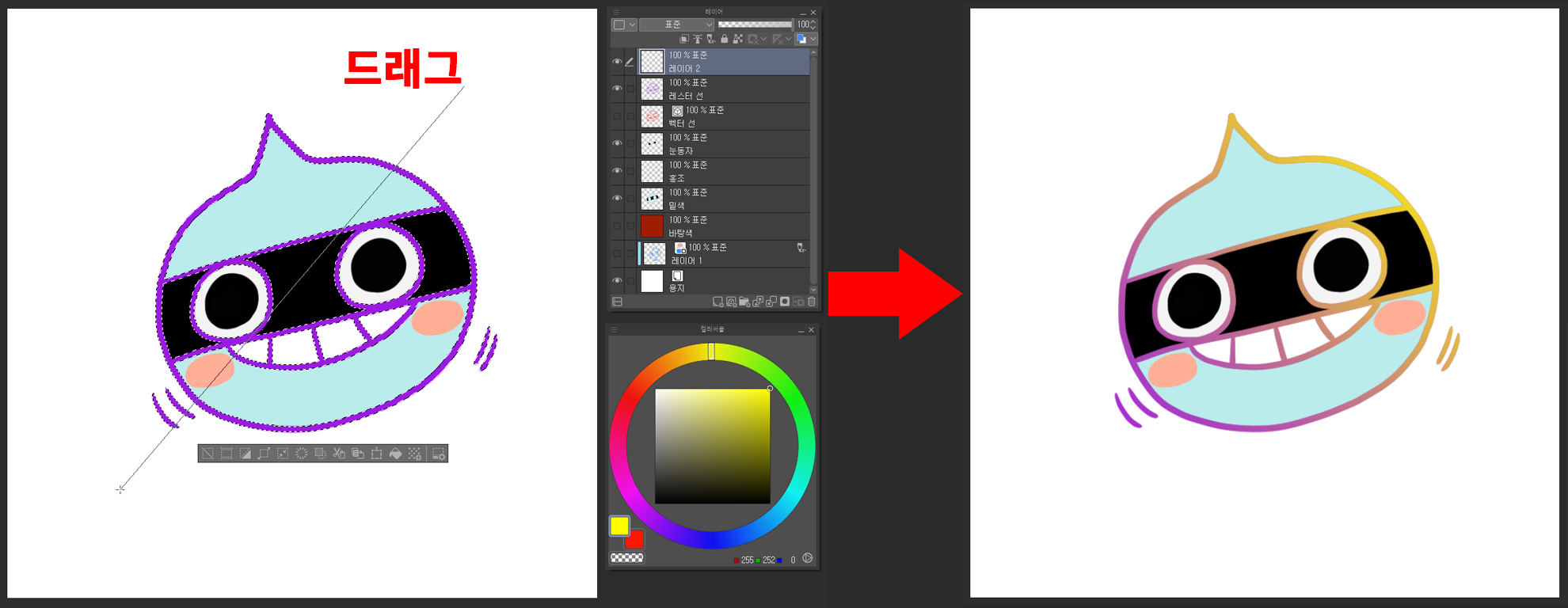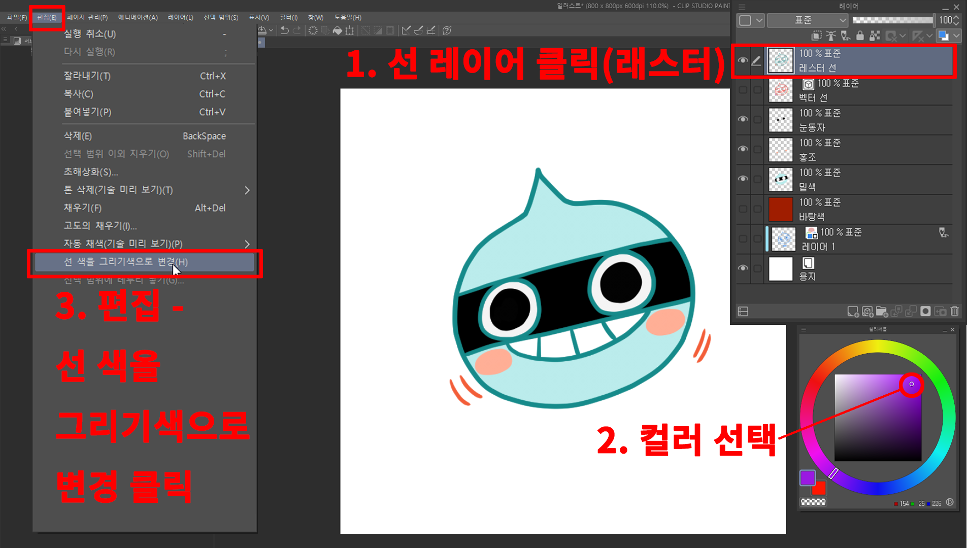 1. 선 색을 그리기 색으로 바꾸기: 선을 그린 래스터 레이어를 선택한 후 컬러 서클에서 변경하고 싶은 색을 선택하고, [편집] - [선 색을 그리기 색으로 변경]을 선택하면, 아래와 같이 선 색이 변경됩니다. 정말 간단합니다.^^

■ ■ ■

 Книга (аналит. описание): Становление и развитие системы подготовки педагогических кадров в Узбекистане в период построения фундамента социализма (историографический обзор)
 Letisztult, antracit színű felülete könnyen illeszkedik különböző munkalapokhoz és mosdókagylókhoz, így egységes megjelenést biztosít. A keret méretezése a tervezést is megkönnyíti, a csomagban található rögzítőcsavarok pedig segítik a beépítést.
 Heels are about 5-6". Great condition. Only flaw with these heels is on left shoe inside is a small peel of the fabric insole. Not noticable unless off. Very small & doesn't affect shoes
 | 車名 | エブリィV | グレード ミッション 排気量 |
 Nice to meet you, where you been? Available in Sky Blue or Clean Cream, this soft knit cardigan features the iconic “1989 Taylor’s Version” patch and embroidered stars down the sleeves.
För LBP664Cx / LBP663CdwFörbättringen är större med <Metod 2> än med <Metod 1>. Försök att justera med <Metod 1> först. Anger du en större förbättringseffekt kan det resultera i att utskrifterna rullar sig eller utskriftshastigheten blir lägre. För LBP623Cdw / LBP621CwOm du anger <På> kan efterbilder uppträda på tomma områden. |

■ ■ ■

■ **WHAT IS NEEDED**: In the listing above, find the line holding "ミッション 排気量 |" and the line holding "För LBP664Cx /", then output those two lines and every line between them exactly.

■ **SOLUTION TO THIS TASK**:
 | 車名 | エブリィV | グレード ミッション 排気量 |
 Nice to meet you, where you been? Available in Sky Blue or Clean Cream, this soft knit cardigan features the iconic “1989 Taylor’s Version” patch and embroidered stars down the sleeves.
För LBP664Cx / LBP663CdwFörbättringen är större med <Metod 2> än med <Metod 1>. Försök att justera med <Metod 1> först. Anger du en större förbättringseffekt kan det resultera i att utskrifterna rullar sig eller utskriftshastigheten blir lägre. För LBP623Cdw / LBP621CwOm du anger <På> kan efterbilder uppträda på tomma områden. |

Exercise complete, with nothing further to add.